# drilling kitchen cupboard doors



## Lons (3 Feb 2011)

I made this jig years ago for drilling kitchen cupboard doors for sprung blum type hinges and have been using it today to drill 20 oak doors.

My current setup means that I have to pull out the pillar drill and cover stuff around it with old sheets - not ideal but I want to clear out and set up my workshop properly this summer and wondered if anyone has a better system (though this does work) that I can incorporate.

I only occasionally drill doors but I'm inevitably in a hurry and always quite a few of them  

Bob


----------



## Sportique (11 Feb 2011)

Lons,

looks good to me, but tell me, how do you know the distance between centre of the "hole" and the edge of the door (i.e. fence position)? Does this vary with make/design of hinge? or are they all standard?

Good straightforward jig.

Dave


----------



## Lons (11 Feb 2011)

Sportique":19y3xbs5 said:


> Lons,
> 
> looks good to me, but tell me, how do you know the distance between centre of the "hole" and the edge of the door (i.e. fence position)? Does this vary with make/design of hinge? or are they all standard?
> 
> ...



Hi Dave

The jig is pretty simple and I think quite common as I'm sure I cribbed it from somebody a long time ago and i was hoping there might be something better out there.

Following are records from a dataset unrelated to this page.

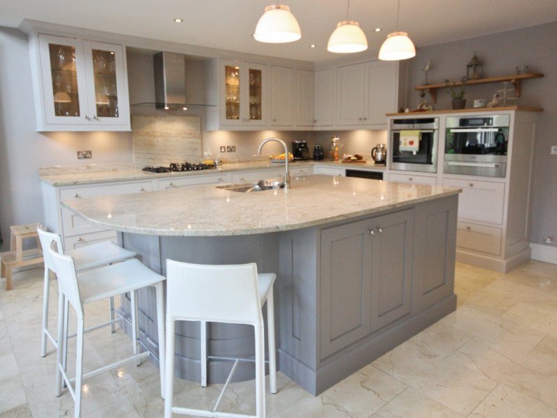 Ce schéma peut être utilisé pour les cuisines dont les dimensions sont supérieures à 15 mètres carrés. m., c'est-à-dire plus que la moyenne. Ceci est généralement une combinaison avec un salon ou une salle à manger.Vous pouvez créer une disposition d'île en combinaison avec tout type décrit ci-dessus. Pour ce faire, vous devez ajouter un îlot de cuisine - une salle à manger, une surface de travail, des systèmes de stockage. En fonction de la superficie de la cuisine, la taille de l'île dépendra également.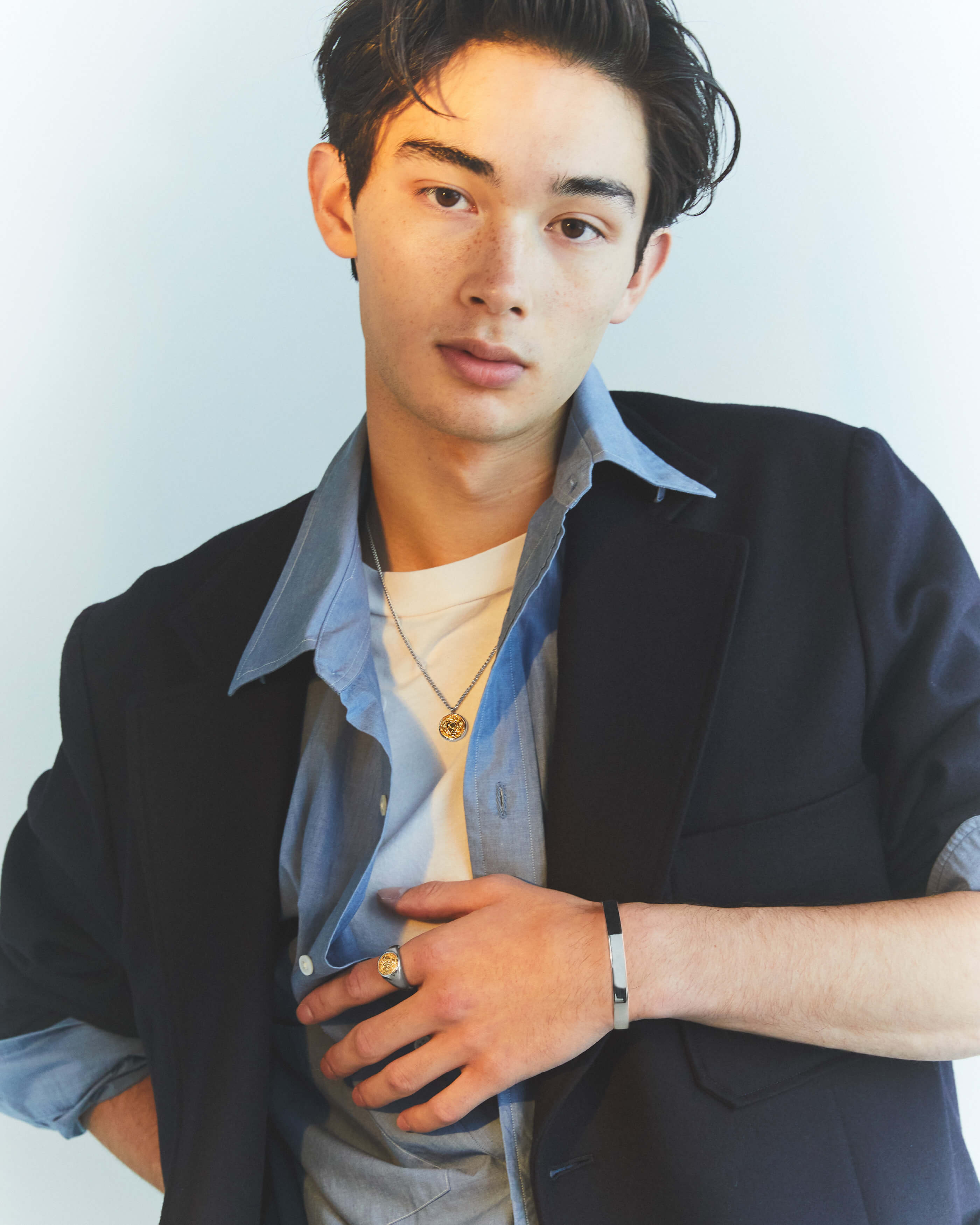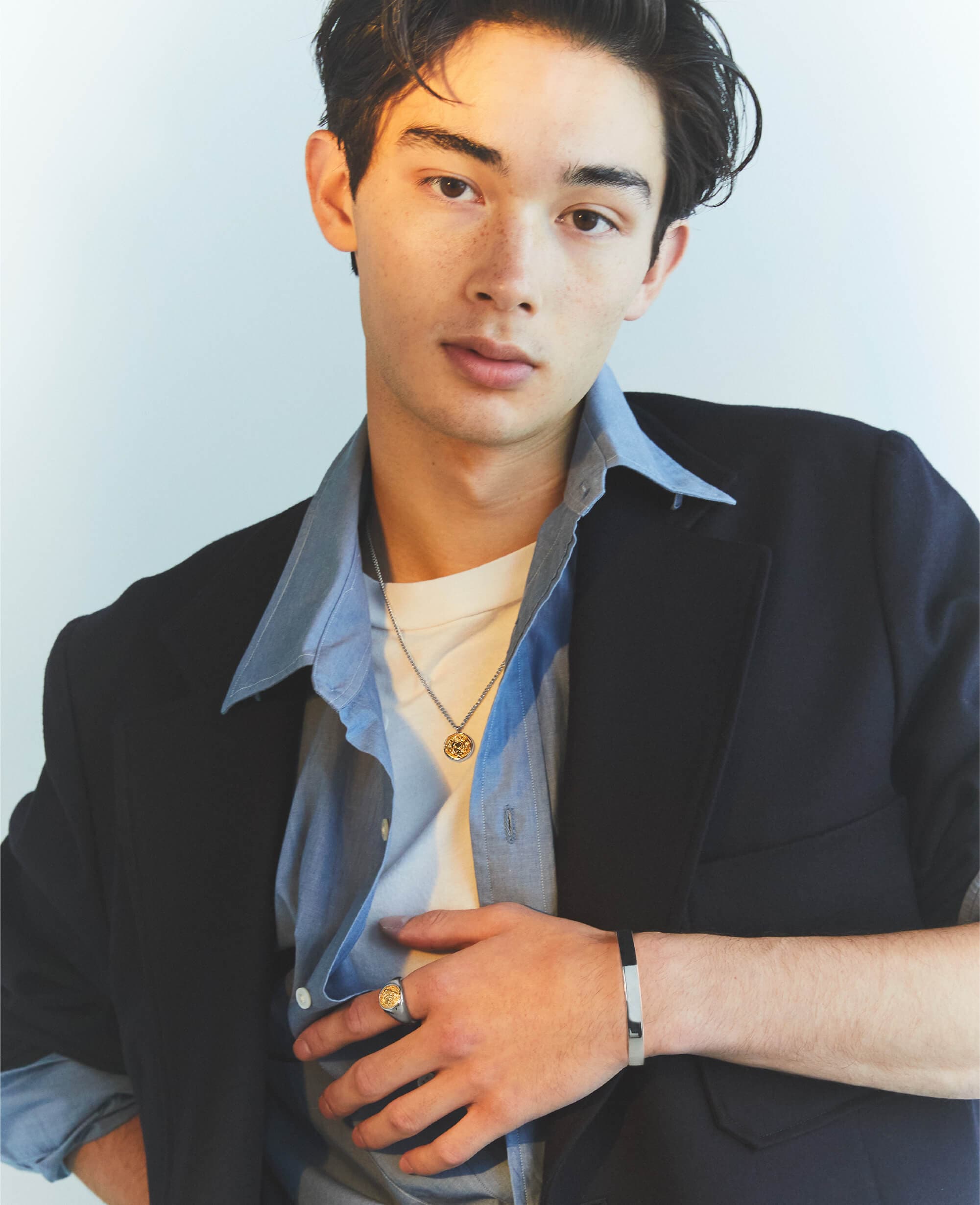 ゴールドカラーとシルバーのコンビがキャッチーなコインリングと、同デザインのネックレス。Tシャツやスウェットに合わせるだけでももちろんサマになるけれど、トレンドのトラッドスタイルとの相性が抜群にいい。 せっかくのお気に入りのジュエリーは、パリッとした紺ブレに合わせて、少しだけ“おめかし”してみるのはどうだろう。シャツのボタンは上まで留めず、白Tを仕込んであくまでラフにまとめるのがしゃれて見えるポイントだ。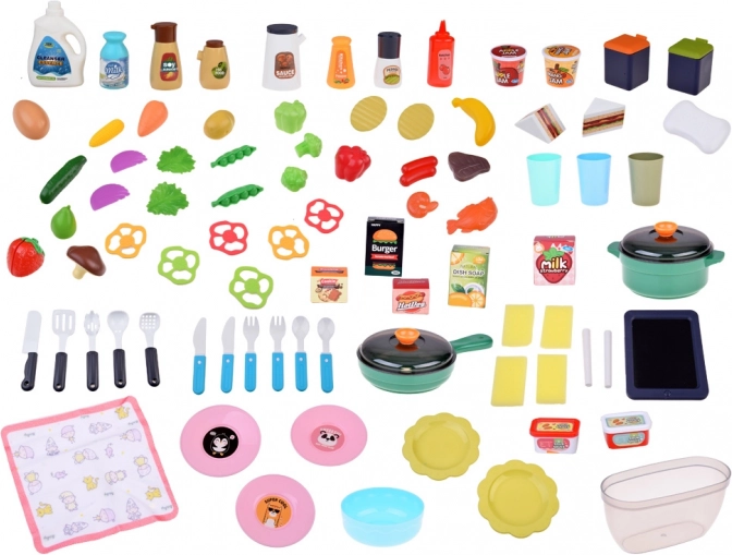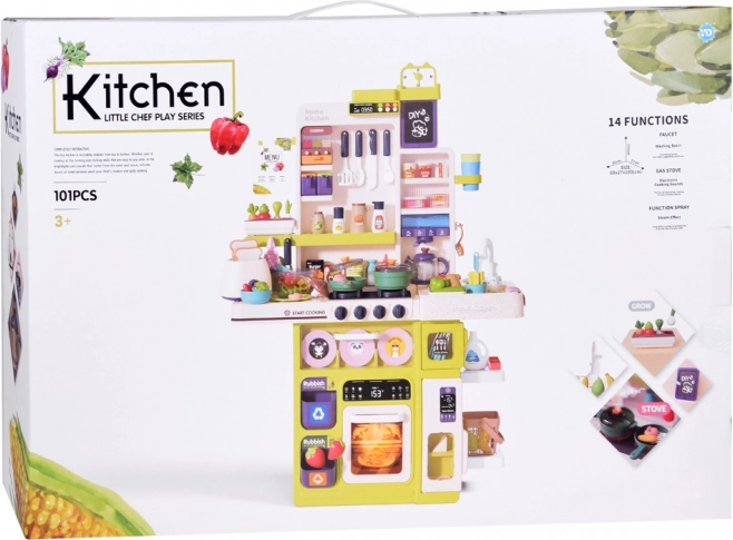 Bogaty zestaw 101 elementów obejmuje naczynia, sztućce, przybory kuchenne, produkty spożywcze oraz małą dziecięcą „elektronikę” (np. toster z tostami). Dzieci mogą próbować gotowania, serwowania i zmywania naczyń, jednocześnie ucząc się organizacji pracy, współpracy i zdrowych nawyków.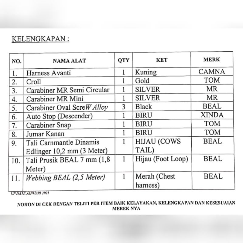 PAKET SRT SET. ALAT SAFETY UNTUK CAVING, CLIMBING, REPLING, RESCUE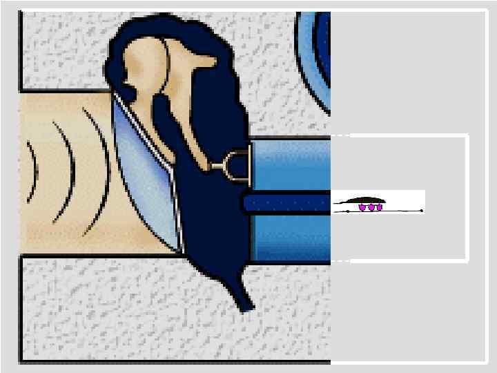Компресионный тип Звук непосредственно поступает с височной кости на костную стенку лабиринта, приводя ее в колебание. В результате чего возникают колебания основной мембраны и кортиева органа с чувствительными волосковыми клетками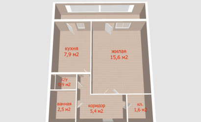 1-комнатная, 34.59/17.9/7.4 м2, Этаж 4 из 5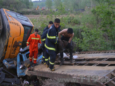 消防官兵到達(dá)現(xiàn)場后,發(fā)現(xiàn)一輛貨車車頭直接扎入溝中,在貨車上的挖掘機(jī)側(cè)翻在一旁,當(dāng)?shù)嘏沙鏊?20急救人員已經(jīng)趕到了現(xiàn)場。見此情形,消防官兵迅速展開營救,但由于貨車狠狠的撞在田埂上,駕駛室已經(jīng)嚴(yán)重變形,消防官兵利用液壓剪擴(kuò)鉗、液壓撐頂器等破拆工具均未能使駕駛室有效擴(kuò)張,而且挖掘機(jī)隨時有壓下來的危險(xiǎn)。于是,中隊(duì)指揮員立即協(xié)調(diào)公安部門,將附近的一輛挖掘機(jī)借調(diào)過來,配合消防官兵實(shí)施營救。 挖掘機(jī)到位后,指揮員立即下令挖掘機(jī)將貨車車身往后牽引,使車頭留有救援空間供消防官兵救援。命令下達(dá)后,救援人員各司其職,迅速的投入到戰(zhàn)斗中去。 19時05分,通過消防官兵1個多小時的緊張救援,貨車司機(jī)被成功救出,但由于撞擊嚴(yán)重,被困時間過長,醫(yī) |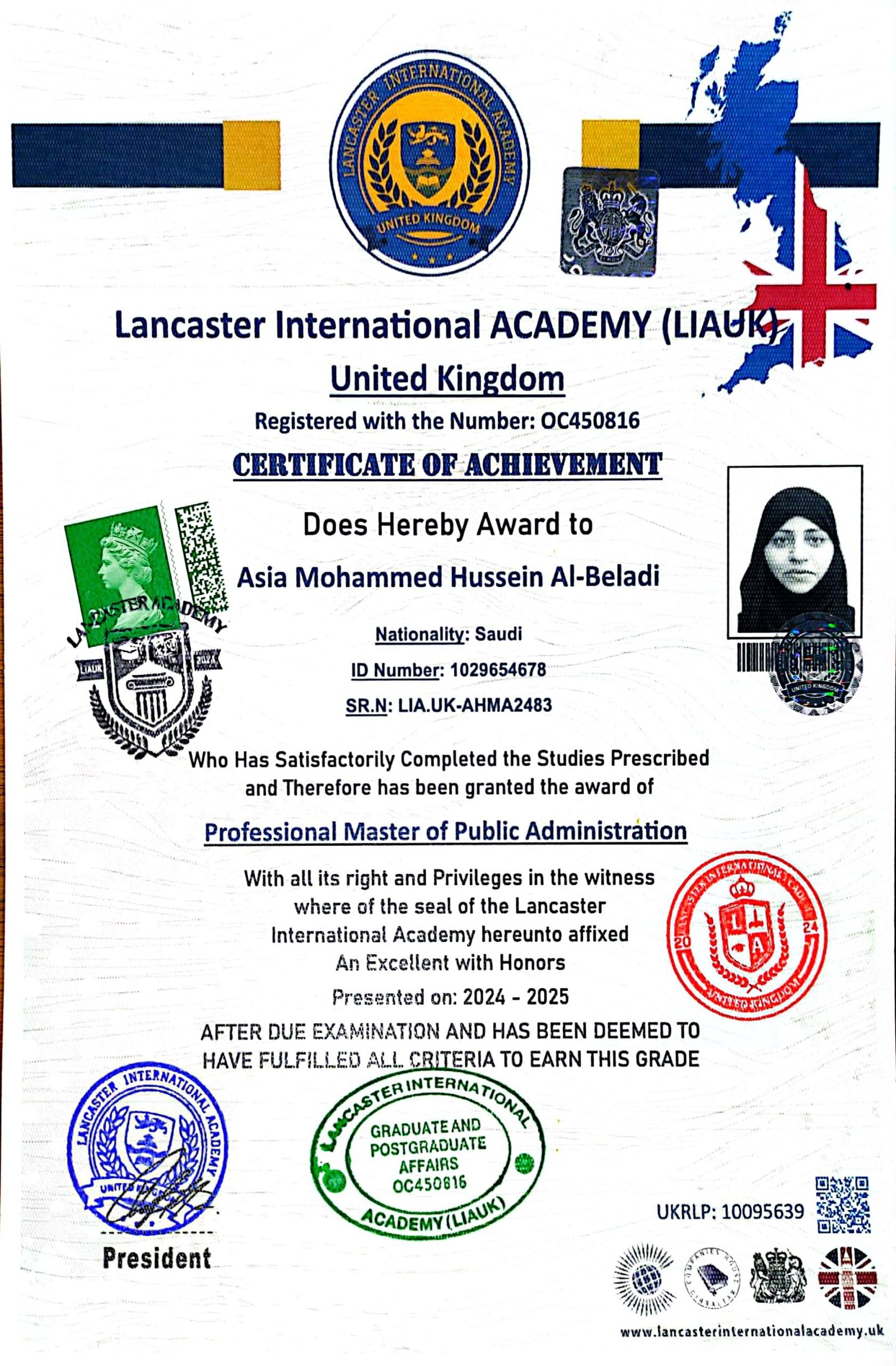 Asia Mohammed Hussein Al-Beladi – LIA.UK-AHMA2483

I used to make all my own cabinets and had it set up permantently into a bench with hinge centres @ 100mm from door ends so reference was never a problem and it was set at zero from door edge so I could use a relevant spacer to suit virtually any hinge.

The guy I use to make my carcases now also sets at 100mm but as my pillar drill is now moveable I drlilled some 18mm mdf at the spacings I use and I just clamp it to the jig, lower the bit into the hole and clamp the jig to the drill table. Not really efficient but for infrequent use it's ok for the minute. Not though when I set up the workshop as I'm not happy with it.

Bob


----------



## Sportique (11 Feb 2011)

Bob

thanks for your reply - now I understand why you would like to change the set-up for your new workshop.

Dave


----------



## claptonkid (23 Feb 2011)

I bought one of these a few months back: 

http://cgi.ebay.co.uk/DRILL-JIG-KITCHEN ... 985wt_1141

It's a very cheap and cheerful drilling jig which allows easy adjustment of the margin. You basically fit a depth stop to your corded drill then a steel bush guides your 35mm bit into the door. You drill until the depth stop hits the jig. Of course you can buy £150 versions of this from Blum, but why bother? It seems to work fine for me.



Lons":axmcy580 said:


> I made this jig years ago for drilling kitchen cupboard doors for sprung blum type hinges and have been using it today to drill 20 oak doors.
> 
> My current setup means that I have to pull out the pillar drill and cover stuff around it with old sheets - not ideal but I want to clear out and set up my workshop properly this summer and wondered if anyone has a better system (though this does work) that I can incorporate.
> 
> ...


----------